RasterFlow + TorchGeo: Simplifying PyTorch-Based Geospatial AI

Wherobots actively supports the TorchGeo project which helps machine learning experts to more easily work with geospatial data within the PyTorch ecosystem.  We will continue to build out RasterFlow integrations with TorchGeo, including onboarding additional TorchGeo models and further simplifying the model lifecycle for PyTorch models. While we are starting with support for PyTorch focusing on TorchGeo models, we are open to adding support for other model frameworks.

Calling Geospatial Model Developers: Contribute to RasterFlow

We are continually adding new, open source geospatial computer vision models to the Wherobots Model Hub.
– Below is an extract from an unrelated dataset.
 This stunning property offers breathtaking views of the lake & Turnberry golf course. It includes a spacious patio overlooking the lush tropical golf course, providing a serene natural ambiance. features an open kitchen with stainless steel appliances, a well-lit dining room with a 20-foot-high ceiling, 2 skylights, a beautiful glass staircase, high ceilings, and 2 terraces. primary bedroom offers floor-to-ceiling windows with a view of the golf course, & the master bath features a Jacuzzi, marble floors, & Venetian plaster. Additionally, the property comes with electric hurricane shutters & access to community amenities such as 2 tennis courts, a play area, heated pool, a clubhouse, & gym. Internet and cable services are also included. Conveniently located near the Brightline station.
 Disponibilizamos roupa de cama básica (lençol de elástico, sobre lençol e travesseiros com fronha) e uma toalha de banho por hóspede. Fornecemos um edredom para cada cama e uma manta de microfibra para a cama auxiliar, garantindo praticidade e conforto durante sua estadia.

And if you’re a model developer, we’re interested in speaking with you to onboard your model and distribute the value of your work to a wider audience using Wherobots RasterFlow.
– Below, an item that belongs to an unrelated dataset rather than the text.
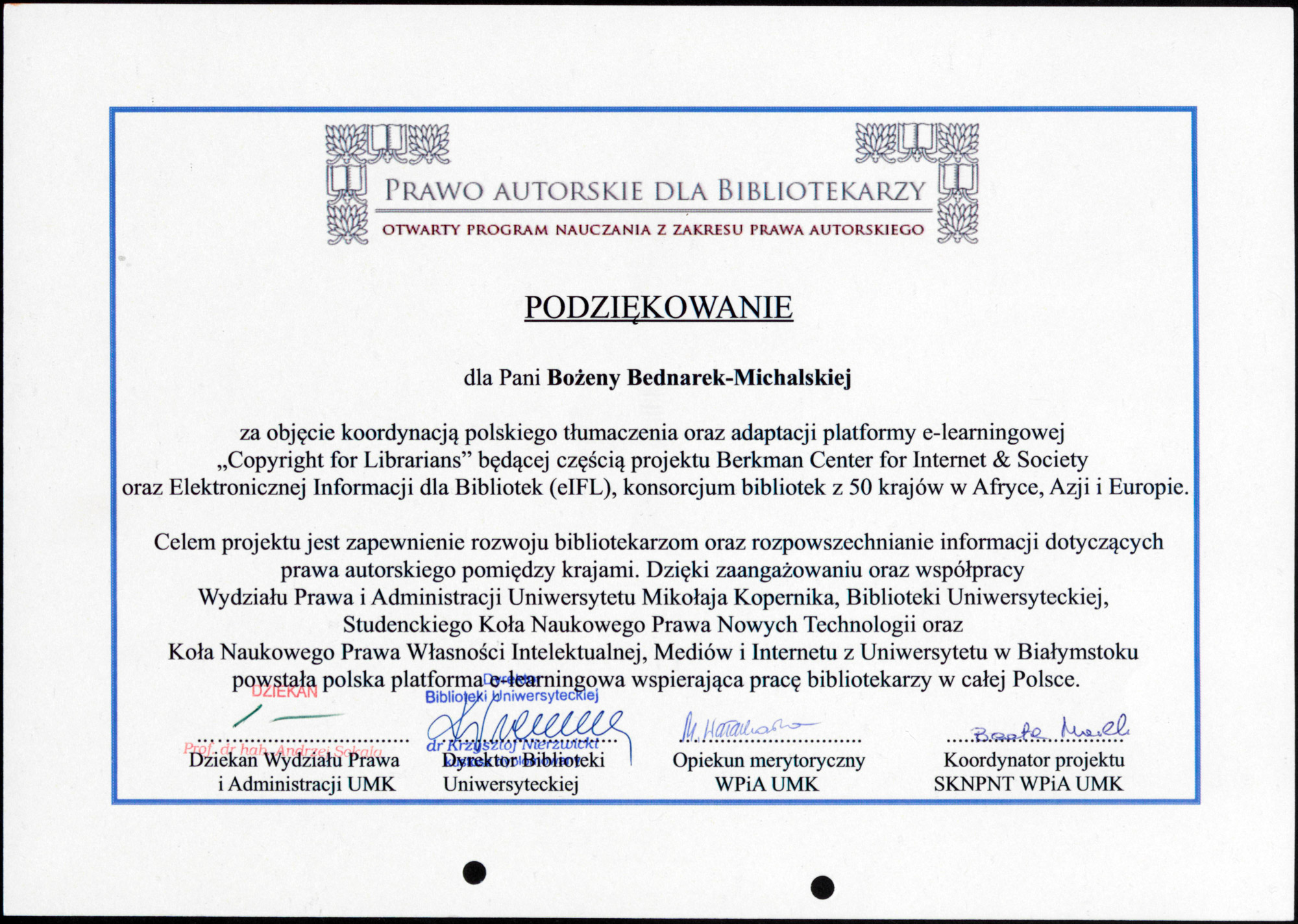Podziękowanie za objęcie koordynacją polskiego tłumaczenia oraz adaptacji platformy e-learningowej “Copyright for Librarians”, będącej częścią projektu Berkman Center for Internet & Society (Harvard University) oraz Elektronicznej Informacji dla Bibliotek (eIFL), konsorcjum bibliotek z 50 krajów w Afryce, Azji i Europie

Vectorizing Model Outputs: From Raster Predictions to Geospatial Geometries

Many computer vision models output rasters, where each pixel in the raster represents a predicted real-world value such as height of the tree canopy, or the confidence that the pixel represents a certain feature such as an agricultural field boundary or a sidewalk. RasterFlow provides built-in support for raster vectorization, turning pixel values into rich, concise geometries. These geometries represent features of interest that can be post-processed, conflated, and integrated into your workflows because they are yours, stored in open source file (Parquet) and table (Iceberg) formats in your S3 bucket.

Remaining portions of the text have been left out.